I dry my hair and put on a pair of sweats. Saturdays are better now than they ever were before. Working full-time has given me an appreciation for days off—sweatpants and slippers and skipping breakfast.

When I get downstairs, Dad is untangling the lights and making three straight lines from the socket across the den floor. He’s knocked over his stack of self-help books, and they lie like shallow steps between the couch and the radiator. I watch him secretly from the kitchen, where he’s left a blueberry muffin for me on a small plate. I see what my mother saw in him. He’s handsome, smart, and fit, which is a miracle in this part of the world, where everyone is spilling over their edges. His only flaw seems to be linked to being cheap, which really isn’t that bad of a thing. So what if he buys the discounted cans of dented tomatoes at the grocery store? So what if he wears socks until they’ve got holes in them? He’s raising me while my mother is off in some flashy hooker town with some retired bigwig doctor who likes to play poker. He’s reading self-help books and learning new things about himself and the world. Only last week he learned how to make vegetarian lasagna and tried a new dish at the Chinese place. Back in October, I got him to try pineapple on his pizza, and got him hooked on Walt Whitman. What’s not to love about that? As far as I’m concerned, Mom must be an idiot. If it were me, I’d marry him in a heartbeat. But I don’t mean that in a gross way.
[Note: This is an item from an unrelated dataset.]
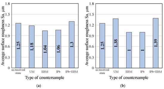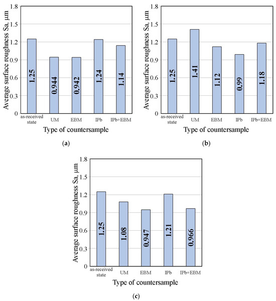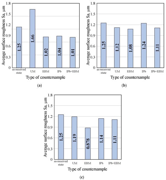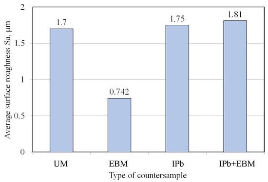 Values of basic surface roughness parameters of the countersamples are presented in Figure 4. The surfaces of the countersamples were characterised by the average surface roughness Sa [34]. The average roughness values varied between 0.742 μm and 1.810 μm depending on the type of countersample used.

“You know, I think you’re cool, Vera,” he says out of the blue.

“Why?” I ask, blueberry muffin crumbs shooting out of my mouth.

“I can tell you’re really growing up since you listened to me and got a job.”

Forget everything I just said. Clearly, the man is an idiot.

CHRISTMAS BREAK

Christmas was all about clothes, mostly. A card with $100 in it. Three vintage Funkadelic albums—with the original record sleeves. Dad says I’m old enough for the lyrics, as if I hadn’t already looked them up on the Internet. Dad tells me a few more times, between my holiday shifts at Pagoda and his new meditation routine, that he thinks I’m cool. He says, “You know, most kids these days are getting drunk and screwing boys. I’m so glad I raised you right,” which makes me feel partly like never drinking again so I can continue to make him happy, and partly paranoid that he looked under my driver’s seat and found my stash.

PART TWO

NEW YEAR’S EVE

Marie brought in two drivers from day shift, every part-timer we’ve got who would come in, and three extra pizza makers—including ex-cheerleader-turned-food-service-worker Jill, who can’t stop making suggestive remarks about me and James.